Au vigile à l’entrée qui lui disait s’en charger, Gérard répondit qu’il avait obligation de le remettre en main propre. Ce n’est pas tous les jours en effet qu’on a la possibilité de rencontrer deux grands acteurs, à l’œuvre qui plus est !
Les pâtes de Lino
Gérard a donc joué les Parisiens sous sa casquette de postier et loin du soleil de son Sud natal. C’est d’ailleurs un jour où il tombait des cordes qu’il fit la connaissance en chair et en os de Lino Ventura, autre vedette parmi ses clients.
Après que Gérard eut tenu la porte à Lino et à sa fille, l’acteur l’invita à monter boire le pastis. Puisque pour tout Parisien, les gens du Sud qui sont tous de Marseille boivent obligatoirement le pastis. Ça tombait bien puisque Gérard est effectivement né à Marseille.
Un pastis en amenant l’autre, il fut bientôt l’heure de passer à table. En bon Italien Lino invita donc le « Marseillais » à partager avec lui à la bonne franquette un plat de pâtes. Et l’invita à revenir prendre un verre quand le cœur lui en dirait.
« C’était un gars super sympa et très simple. Au mur dans les escaliers je me souviens qu’il y avait surtout des photos et des médailles de sa carrière de catcheur. Mais de son métier d’acteur, rien. D’ailleurs il n’en parlait pas spécialement« .
Il est de notoriété publique que Lino Ventura était un grand mangeur et un sacré cuistot, surtout lorsqu’il s’agissait de pâtes. Rajoutez à cela la convivialité à l’italienne et le scénario est complet.

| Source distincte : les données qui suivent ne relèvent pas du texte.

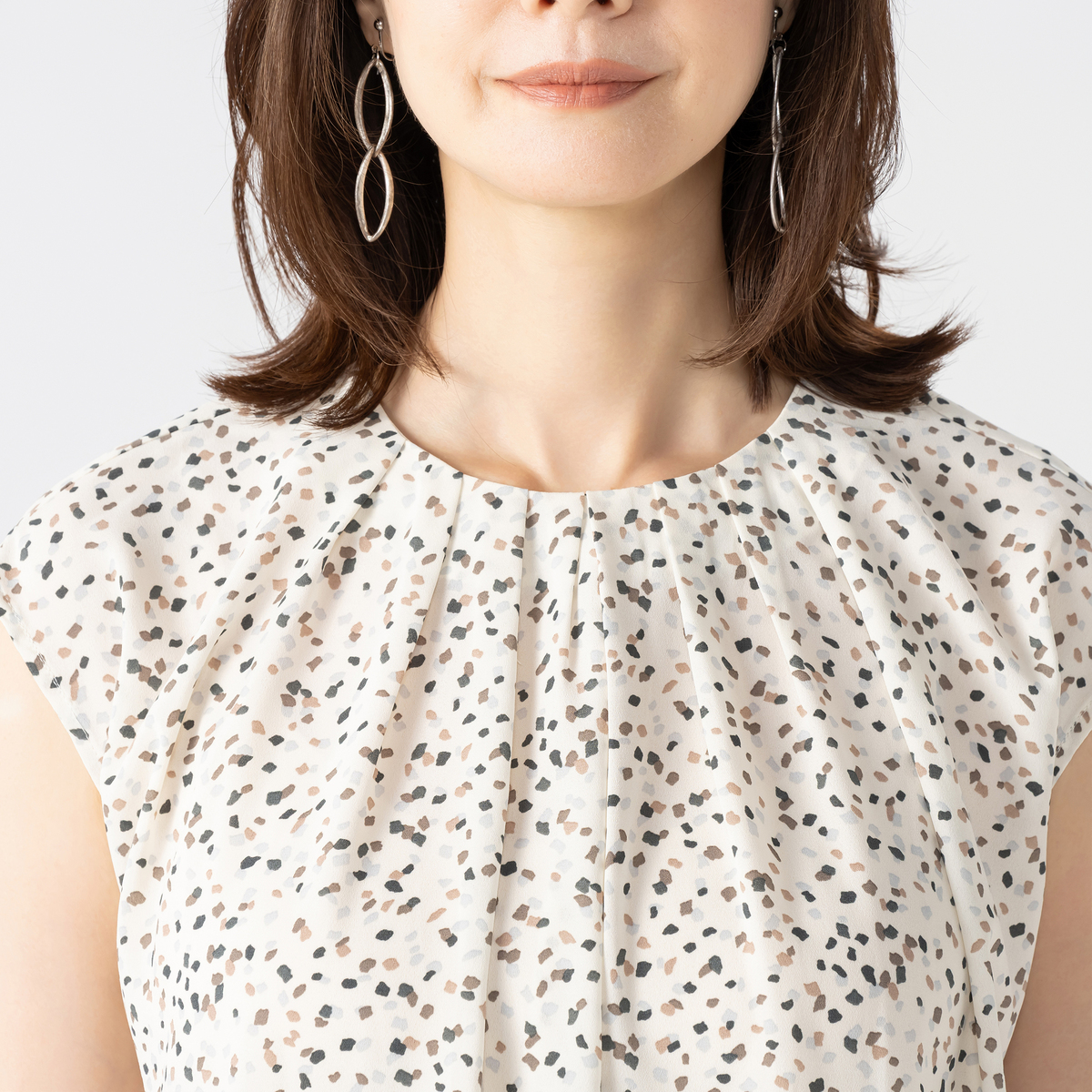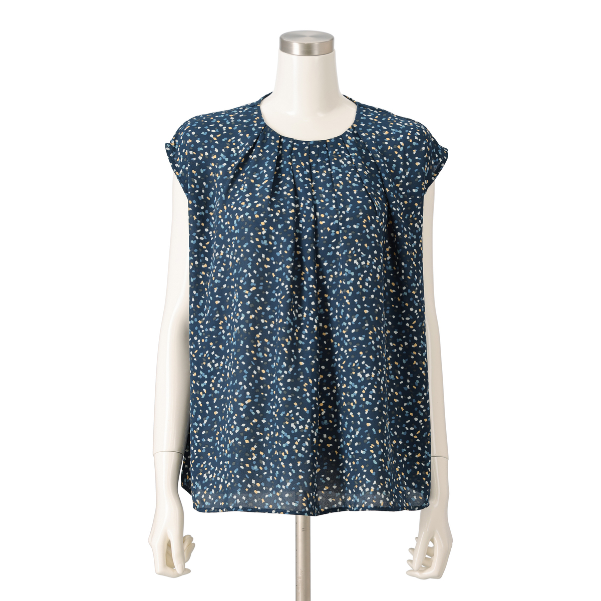 No. 744327 CARRIERE プリントエレガントタックブラウス
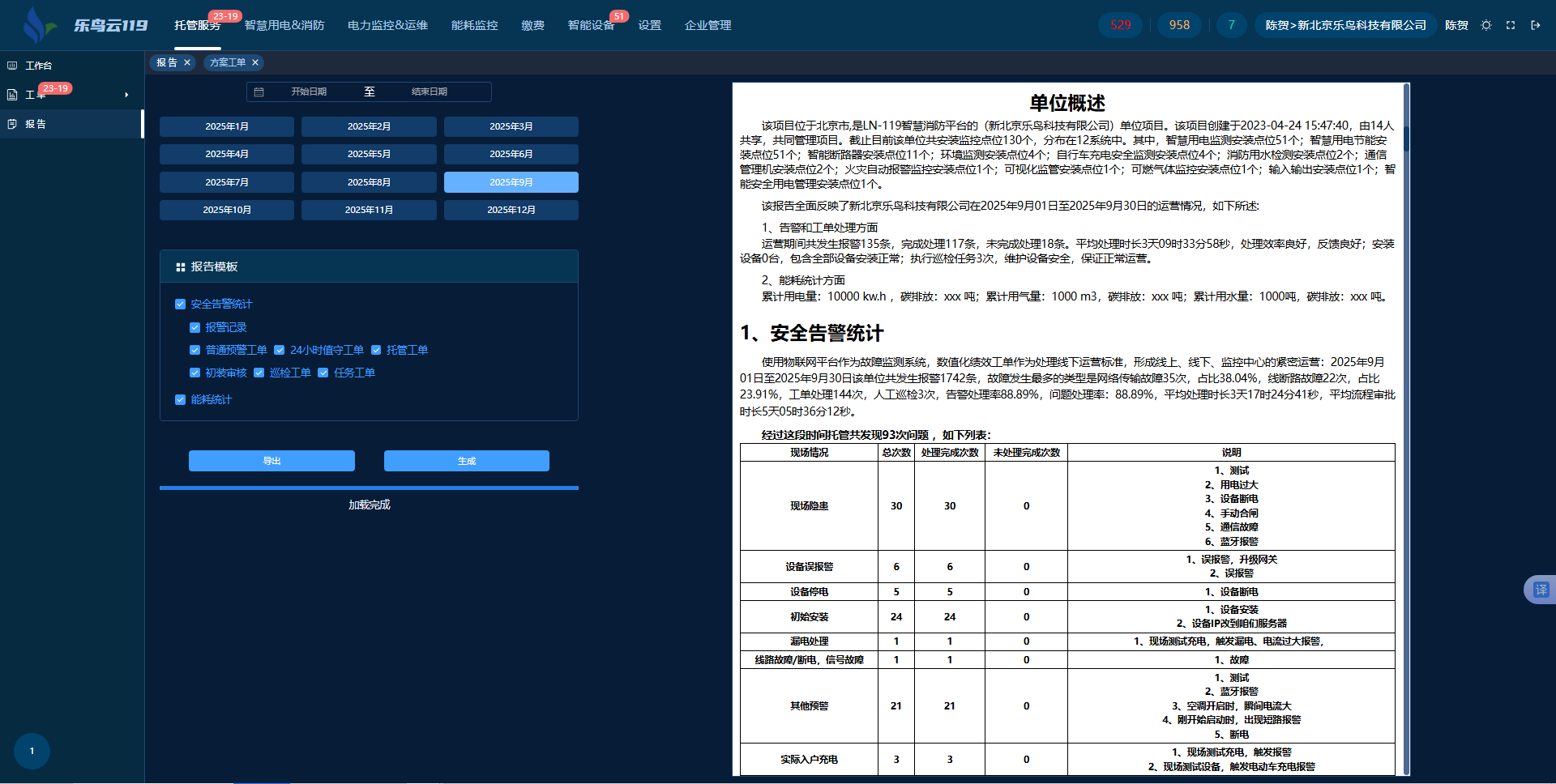 運維報告系統(tǒng),統(tǒng)計并呈現(xiàn)項目單位的安全告警情況、電力運行狀態(tài)以及能耗數(shù)據(jù)??砂丛伦远x報告模板,實現(xiàn)安全與能耗狀況的直觀數(shù)字化展示和精細化管理。
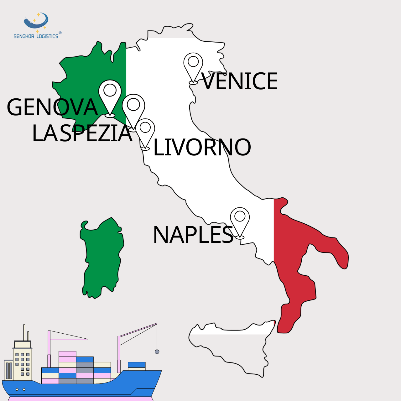 In order to provide a convenient transportation experience, we operate in multiple ports in China. This flexibility allows you to choose the most convenient departure point, reducing transit time and increasing overall efficiency. Whether your supplier is in Shanghai, Shenzhen or any other city in China (such as Guangzhou, Ningbo, Xiamen, Tianjin, Qingdao, Dalian, Hong Kong, Taiwan, etc. or even the inland ports like Nanjing, Wuhan, etc. that we can use barge to ship the products to Shanghai port.), we can seamlessly deliver your desired home appliances to Italy.From China to Italy, we can transport to the following ports: Genova, La Spezia, Livorno, Naples, Vado Ligure, Venice,etc. At the same time, if you need door-to-door service, we can also meet it. Please provide the specific address so that we can check the delivery cost for you.
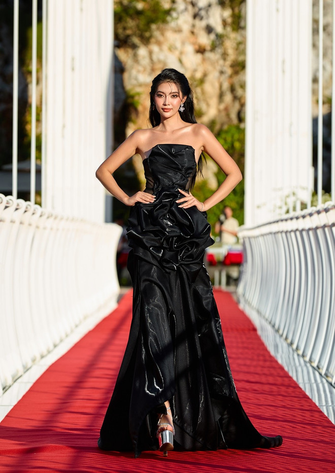 Các thí sinh vừa có màn trình diễn thời trang trên Cầu kính Bạch Long. (Ảnh: BTC)
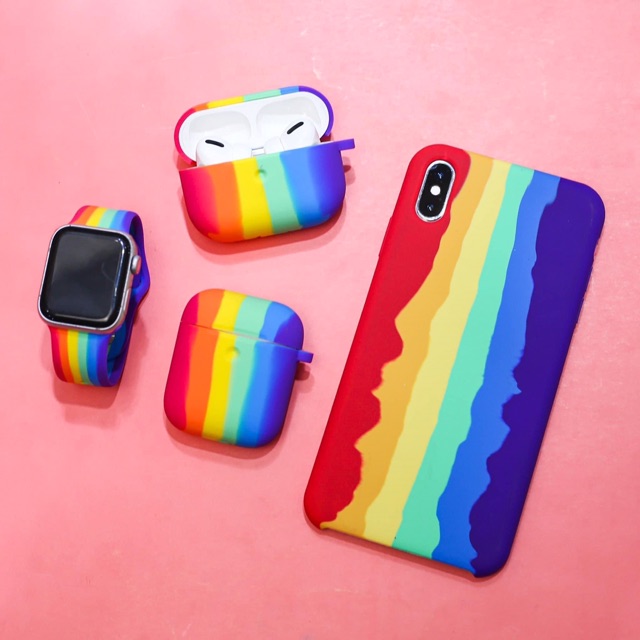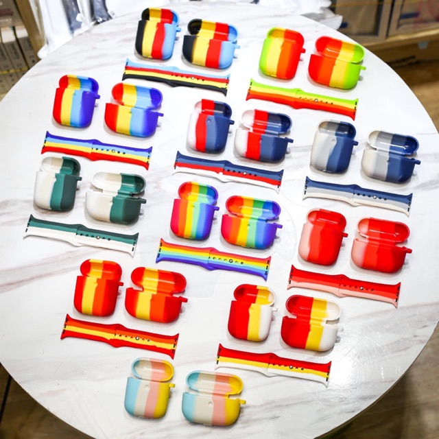 COMBO PHỤ KIỆN : DÂY CAO SU SỌC MÀU APPLEWATCH CHO VÀ BAO DA AIRPODS 1/2/PRO
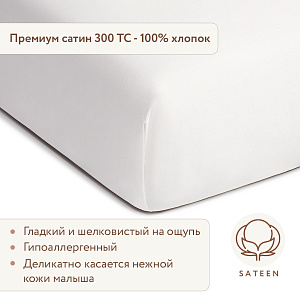 Сатиновая простыня на резинке — красивое и практичное дополнение к вашему постельному комплекту. Натуральный хлопок экологичен и безопасен для ребенка, простыня деликатно касается кожи малыша нежной шелковистой поверхностью.
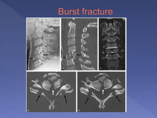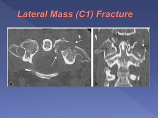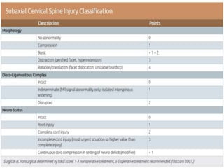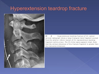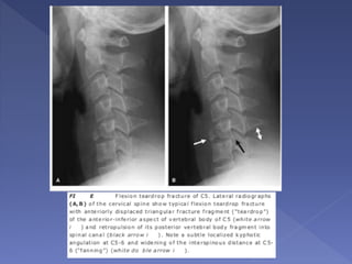 This document discusses spinal trauma, with a focus on cervical spine injuries. It provides details on:
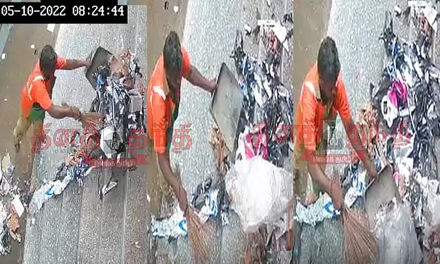 ஆனால் அவர் 500 ரூபாய் கேட்டு தொந்தரவு செய்யவே, இருவருக்கும் வாக்குவாதம் ஏற்பட்டுள்ளது. இந்நிலையில் கடந்த 5-ஆம் தேதி தூய்மைப் பணியாளர் ஒருவர் கடை அருகே இருந்த குப்பையை எடுத்து, கடை முன்பு போடும் சிசிடிவி காட்சிகள் தற்போது சமூக வலைதளங்களில் வைரலாகி வருகிறது.
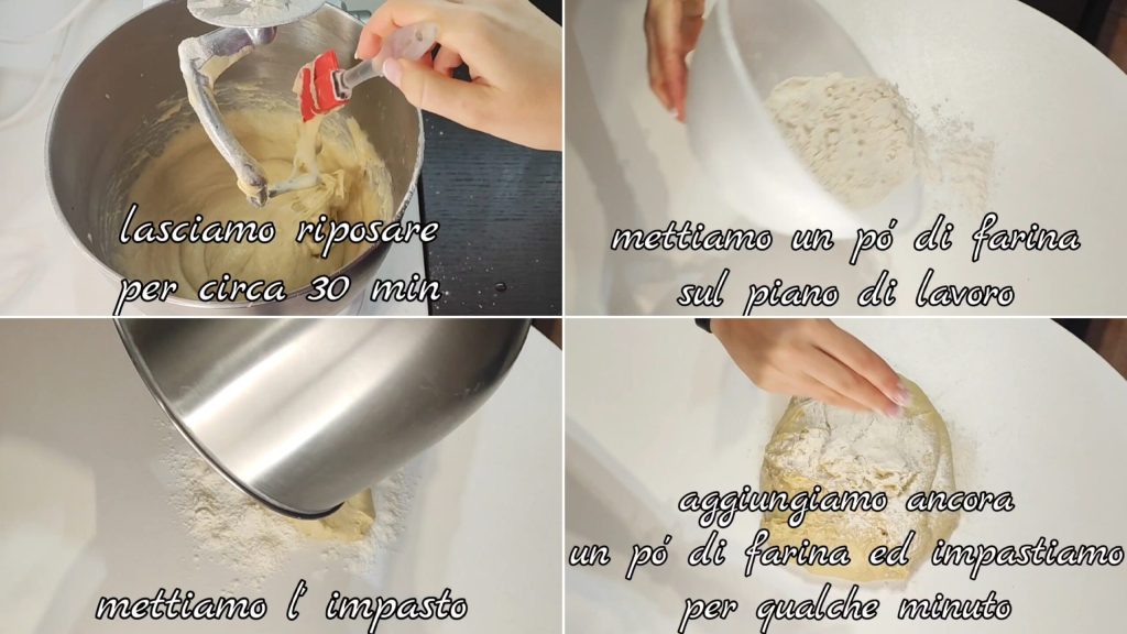 Deixamos descansar por cerca de 30 min. Colocamos sobre a bancada, adicionando um pouco de farinha e trabalhamos por alguns minutos.

Robert Hossein témoigne : « je me souviendrai surtout comment Lino faisait les spaghettis à la tomate avec ail et basilic. Il cuisinait même pour 8 à 10 personnes dans sa caravane sur les tournages ».
Sa recette de spaghettis fait partie de l’héritage cinématographique français.
On imagine que les pâtes de Lino passèrent comme une lettre à la poste pour Gérard. Malheureusement ce dernier fut muté quelque temps plus tard. « C’est bien dommage lui dit Lino, on a à peine le temps de faire connaissance avec nos facteurs qu’ils sont déjà remplacés ».
Les années ont passé. Gérard ne mangera plus de spaghettis avec Lino. Il goûte par contre à une retraite bien méritée à La Calmette, le village de sa maman. Mais il pourra quand même partager bientôt avec d’autres amis le pain qui sera fabriqué dans le moulin de son village.